Nel processo di revisione contabile, la sola valutazione del rischio non basta. La vera efficacia dell’approccio basato sul rischio si realizza nel momento in cui il revisore traduce tale valutazione in azioni concrete, mirate e proporzionate ai rischi individuati. Questo passaggio cruciale – disciplinato dal principio ISA 330 – rappresenta il naturale sviluppo del percorso tracciato dall’ISA 300 (pianificazione della revisione) e dall’ISA 315 (identificazione e valutazione dei rischi di errori significativi) (si veda “Pianificazione della revisione legale: dalla strategia generale al risk-based approach“).

L’obiettivo ultimo della revisione, secondo il quadro normativo di riferimento, è duplice: acquisire una ragionevole sicurezza che il bilancio d’esercizio, nel suo complesso, non contenga errori significativi, siano essi dovuti a frodi o a comportamenti non intenzionali; emettere una relazione che rifletta in modo fedele l’attività svolta e i risultati raggiunti.

Il concetto di ragionevole sicurezza implica un livello elevato, ma non assoluto, di affidabilità.

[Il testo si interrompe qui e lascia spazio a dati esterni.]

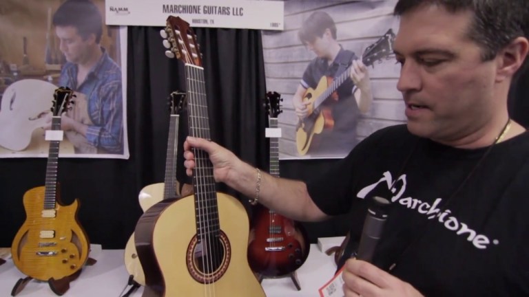 Designer and builder Stephen Marchione of Marchione Guitars in Houston, Texas, discusses two of his handcrafted instruments: a 16-inch archtop (with high-grade Engelmann spruce top, European maple back and sides, ebony fretboard, and handwound pickup) and a classical model. “My Classical design combines the ease of playability and tonal accuracy of a Gilbert guitar, the warmth and richness of tone of a Fleta, and the power and projection of a Rodriguez Jr. guitar from the 1970s,” Marchione notes.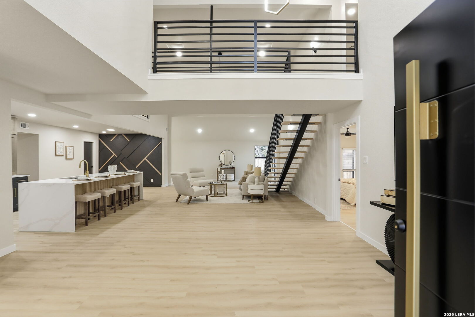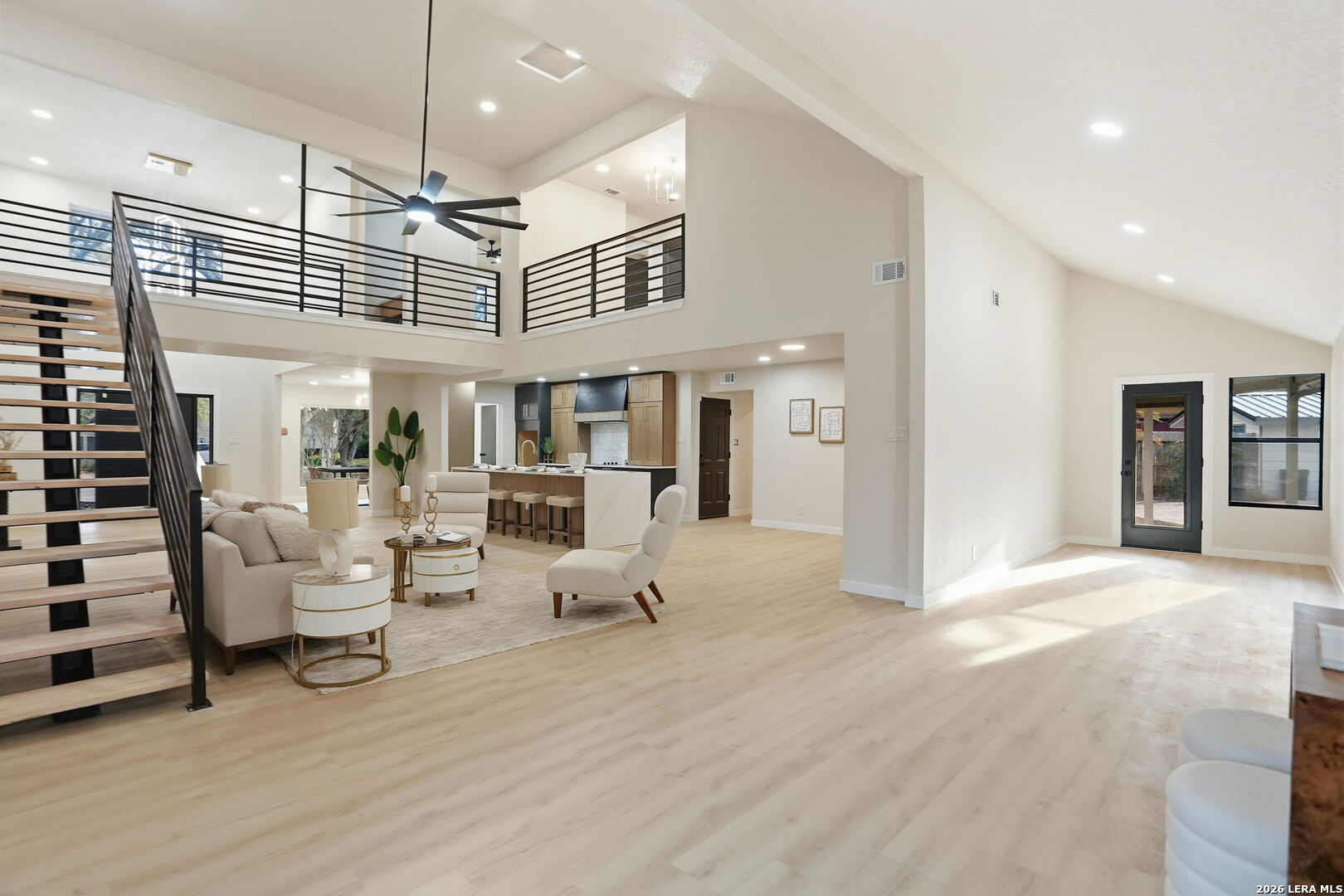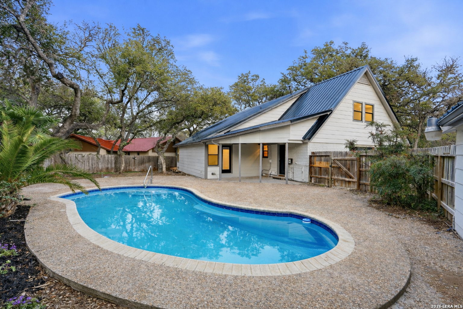 Welcome to 13707 Bluffmont, an exceptional blend of modern updates and thoughtful design in the highly desirable Bluffview of Camino Real community. This beautifully reimagined home features stunning curb appeal with a brand-new metal roof and all-new windows throughout, setting the tone for quality and durability. Inside, an open-concept floorplan flows effortlessly, anchored by elegant quartz countertops and a striking floating metal staircase that adds architectural flair to everyday living. With spacious living areas designed for both relaxation and entertaining, this home offers versatility for today's lifestyle. Natural light pours in through the expansive windows, creating an inviting atmosphere in every room. Step outside to your private backyard retreat - a sparkling inground pool and cabana await, perfect for summer gatherings or quiet evenings under the stars. The privacy-fenced yard creates a serene oasis while offering space for play and outdoor enjoyment. Located on a quiet cul-de-sac, this residence enjoys access to community amenities including tennis courts, playgrounds, and sports courts, ideal for active families and social lifestyles. Residents also benefit from proximity to green spaces like Phil Hardberger Park, offering miles of trails, dog parks, and picnic areas just minutes away. It isn't just a home, it's a lifestyle. Experience the best of in-town living with thoughtful renovations, outdoor luxury, and neighborhood amenities that truly elevate everyday life.

Per ottenerlo, il revisore deve raccogliere elementi probativi sufficienti e appropriati, che costituiscono la base solida e documentata per formulare il proprio giudizio professionale, così come rappresentato nell’ISA 500.

È in questa fase – quella della risposta ai rischi identificati – che si misura la qualità dell’intervento del revisore: la sua capacità di reagire in modo tempestivo, proporzionato e documentato ai fattori di rischio rilevati, indirizzando le procedure verso le aree di maggiore esposizione e rafforzando la credibilità del processo di revisione.

 

Coerenza tra valutazione del rischio e risposta del revisore

Uno degli aspetti essenziali del principio ISA 330 è la necessità di assicurare coerenza logica e operativa tra la valutazione dei rischi effettuata (ISA 315) e le risposte predisposte dal revisore. Tale coerenza non è soltanto un criterio metodologico: è una condizione imprescindibile per garantire l’affidabilità del giudizio finale e la robustezza degli elementi probativi raccolti. Invero, dopo aver identificato e valutato i rischi di errori significativi – sia a livello di bilancio sia a livello delle singole asserzioni – il revisore è chiamato a definire risposte specifiche che riflettano la gravità del rischio. Questa risposta non può essere generica o scollegata: deve rappresentare una traiettoria diretta e verificabile che colleghi il rischio individuato all’attività svolta. In tal senso, quando viene identificato un rischio significativo – ad esempio nell’area dei ricavi – non è metodologicamente corretto limitarsi all’applicazione di test standardizzati. Una risposta coerente e proporzionata richiede l’adozione di procedure sostanziali estese, l’esecuzione di verifiche documentali puntuali, l’analisi delle condizioni contrattuali, nonché il confronto con fonti esterne indipendenti, come ordini di vendita, documenti di trasporto o conferme bancarie.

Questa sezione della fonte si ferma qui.